Dad changed fundamentally in his two year battle with Merkel Cell Carcinoma.  He discovered the first lesion on May 6, 2010, almost exactly two years ago.  As he came to understand the profound danger he faced, he allowed things that didn't matter to simply fall away.  He got in touch with his love for his family in a way that was far more intense than before he started the battle.  He enjoyed every moment with his grandchildren.  He took his wife on cruise vacations as often as possible.  In the weeks before he passed away, he celebrated a grandchild's birthday and conducted a family Seder.

Dad enjoying Sara's birthday on April 9.

In facing death, dad decided to truly live his life.  I love how he embraced what is important, and allowed the distractions from a happy life to fall by the wayside.  None of us need to wait until we face a terminal illness to live the way dad lived his final years. 

Dad left behind a great family, a family that will live a better life thanks to the legacy and lessons he leaves behind.
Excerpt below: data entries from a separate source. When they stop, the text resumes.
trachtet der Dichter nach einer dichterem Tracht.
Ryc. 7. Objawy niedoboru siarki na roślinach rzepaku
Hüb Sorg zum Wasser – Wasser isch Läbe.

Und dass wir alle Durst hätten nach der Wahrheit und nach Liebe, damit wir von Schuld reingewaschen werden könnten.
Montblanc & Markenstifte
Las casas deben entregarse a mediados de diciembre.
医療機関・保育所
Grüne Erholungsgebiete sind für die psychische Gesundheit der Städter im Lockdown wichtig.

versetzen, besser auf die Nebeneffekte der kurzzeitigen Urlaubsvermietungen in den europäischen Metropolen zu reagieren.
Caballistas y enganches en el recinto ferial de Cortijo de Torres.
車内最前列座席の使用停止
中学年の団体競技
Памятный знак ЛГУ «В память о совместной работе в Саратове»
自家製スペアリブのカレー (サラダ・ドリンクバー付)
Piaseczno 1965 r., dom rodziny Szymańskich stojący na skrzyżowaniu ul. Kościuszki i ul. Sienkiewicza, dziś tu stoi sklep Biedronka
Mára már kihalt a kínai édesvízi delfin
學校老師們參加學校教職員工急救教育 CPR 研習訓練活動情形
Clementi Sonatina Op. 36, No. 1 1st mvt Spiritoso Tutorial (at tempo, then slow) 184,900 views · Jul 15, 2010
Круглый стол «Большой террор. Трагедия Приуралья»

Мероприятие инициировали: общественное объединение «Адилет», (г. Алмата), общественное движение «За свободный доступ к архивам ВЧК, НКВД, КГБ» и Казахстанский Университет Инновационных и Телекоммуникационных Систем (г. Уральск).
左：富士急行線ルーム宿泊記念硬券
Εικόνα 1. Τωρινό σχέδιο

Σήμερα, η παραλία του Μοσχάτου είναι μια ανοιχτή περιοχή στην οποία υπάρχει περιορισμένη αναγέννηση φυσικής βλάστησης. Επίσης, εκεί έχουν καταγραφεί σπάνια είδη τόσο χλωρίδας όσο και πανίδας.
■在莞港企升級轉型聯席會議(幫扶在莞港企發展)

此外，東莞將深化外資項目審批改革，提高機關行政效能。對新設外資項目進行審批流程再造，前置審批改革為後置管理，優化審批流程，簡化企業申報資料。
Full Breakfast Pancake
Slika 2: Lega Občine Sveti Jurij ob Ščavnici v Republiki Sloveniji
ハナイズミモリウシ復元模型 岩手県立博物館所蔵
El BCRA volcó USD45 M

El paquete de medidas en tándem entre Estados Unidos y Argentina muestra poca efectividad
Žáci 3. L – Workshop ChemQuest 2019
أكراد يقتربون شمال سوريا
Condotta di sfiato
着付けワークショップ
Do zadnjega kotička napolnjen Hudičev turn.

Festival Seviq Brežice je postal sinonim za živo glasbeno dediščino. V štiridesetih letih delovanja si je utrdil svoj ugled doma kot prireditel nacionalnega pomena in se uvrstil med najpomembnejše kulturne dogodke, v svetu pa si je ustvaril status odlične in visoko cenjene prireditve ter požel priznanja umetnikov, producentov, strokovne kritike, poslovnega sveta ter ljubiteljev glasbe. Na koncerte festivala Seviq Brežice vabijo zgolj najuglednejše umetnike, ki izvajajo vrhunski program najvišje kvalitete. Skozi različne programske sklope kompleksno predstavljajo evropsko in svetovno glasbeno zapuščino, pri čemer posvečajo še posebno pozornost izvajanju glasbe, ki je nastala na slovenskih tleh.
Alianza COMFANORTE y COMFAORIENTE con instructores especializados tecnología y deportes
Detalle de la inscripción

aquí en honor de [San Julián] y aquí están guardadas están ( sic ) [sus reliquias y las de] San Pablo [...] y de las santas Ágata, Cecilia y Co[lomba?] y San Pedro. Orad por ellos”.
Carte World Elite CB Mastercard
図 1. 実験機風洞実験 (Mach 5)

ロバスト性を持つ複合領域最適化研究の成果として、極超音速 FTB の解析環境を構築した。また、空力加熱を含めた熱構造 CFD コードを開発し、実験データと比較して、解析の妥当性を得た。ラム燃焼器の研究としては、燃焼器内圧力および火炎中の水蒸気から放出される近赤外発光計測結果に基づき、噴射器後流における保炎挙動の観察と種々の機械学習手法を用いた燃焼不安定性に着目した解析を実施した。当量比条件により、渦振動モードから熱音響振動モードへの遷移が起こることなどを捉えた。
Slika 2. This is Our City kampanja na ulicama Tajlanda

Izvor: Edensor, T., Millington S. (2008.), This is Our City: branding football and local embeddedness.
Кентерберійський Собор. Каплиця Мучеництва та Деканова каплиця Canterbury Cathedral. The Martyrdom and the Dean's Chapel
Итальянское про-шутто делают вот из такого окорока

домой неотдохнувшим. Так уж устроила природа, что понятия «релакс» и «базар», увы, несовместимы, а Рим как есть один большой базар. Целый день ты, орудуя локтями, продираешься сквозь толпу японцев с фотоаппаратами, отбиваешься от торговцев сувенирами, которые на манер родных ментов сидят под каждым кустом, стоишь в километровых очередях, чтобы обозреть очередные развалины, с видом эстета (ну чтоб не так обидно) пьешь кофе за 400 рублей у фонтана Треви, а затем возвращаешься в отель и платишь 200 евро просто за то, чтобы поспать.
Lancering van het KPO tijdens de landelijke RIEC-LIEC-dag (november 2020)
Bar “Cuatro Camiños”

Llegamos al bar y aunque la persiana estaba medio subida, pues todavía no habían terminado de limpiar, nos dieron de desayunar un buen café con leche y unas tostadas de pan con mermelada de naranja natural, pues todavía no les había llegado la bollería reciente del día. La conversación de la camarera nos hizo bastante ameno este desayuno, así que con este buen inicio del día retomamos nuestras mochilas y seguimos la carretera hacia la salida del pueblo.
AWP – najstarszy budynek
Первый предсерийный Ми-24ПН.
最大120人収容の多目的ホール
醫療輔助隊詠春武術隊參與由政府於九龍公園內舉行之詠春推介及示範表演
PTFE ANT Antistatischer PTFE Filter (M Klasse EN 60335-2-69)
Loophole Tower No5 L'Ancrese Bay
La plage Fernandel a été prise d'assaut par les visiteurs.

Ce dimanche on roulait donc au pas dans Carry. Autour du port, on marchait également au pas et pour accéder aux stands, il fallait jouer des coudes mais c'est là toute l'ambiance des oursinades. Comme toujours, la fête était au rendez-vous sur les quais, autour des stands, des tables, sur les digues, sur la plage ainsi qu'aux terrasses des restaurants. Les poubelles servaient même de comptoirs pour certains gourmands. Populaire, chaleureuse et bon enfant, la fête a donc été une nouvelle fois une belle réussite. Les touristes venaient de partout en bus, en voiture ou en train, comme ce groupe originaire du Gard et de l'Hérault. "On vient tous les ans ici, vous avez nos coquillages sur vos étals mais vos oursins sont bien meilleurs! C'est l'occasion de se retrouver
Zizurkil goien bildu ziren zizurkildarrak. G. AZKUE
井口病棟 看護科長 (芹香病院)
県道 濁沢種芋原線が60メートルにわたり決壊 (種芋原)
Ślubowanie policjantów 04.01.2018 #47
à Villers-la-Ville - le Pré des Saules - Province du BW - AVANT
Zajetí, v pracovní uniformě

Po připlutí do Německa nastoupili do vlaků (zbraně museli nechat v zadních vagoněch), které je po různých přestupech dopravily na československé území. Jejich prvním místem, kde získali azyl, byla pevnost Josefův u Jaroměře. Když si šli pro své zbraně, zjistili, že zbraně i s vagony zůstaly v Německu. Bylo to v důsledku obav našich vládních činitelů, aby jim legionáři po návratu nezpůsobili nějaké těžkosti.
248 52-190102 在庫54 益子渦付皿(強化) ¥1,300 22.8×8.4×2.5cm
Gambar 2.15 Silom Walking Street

Grandma, Poppa, and their five grandchildren on the family cruise, December 2011

Dad and family on a cruise, December 2011

We each remember dad -- and allow that memory to enrich our lives -- in our own way.

His passing allowed me to reflect on whether I was the man he was, or at least the man I wanted to be.  Dad had always loomed large -- a man whose shoes I could never hope to fill.  He was a man who would hoist a canoe over beaver damns, a man who would step in to fix anything that went wrong, a man I turned to for rock solid advice.  He was in so many ways not just a father, but a father figure.  He was a hero to his mother when his father was sick and later died.  He was a hero and role model for his children.  Like any respected father figure, he cast quite a shadow.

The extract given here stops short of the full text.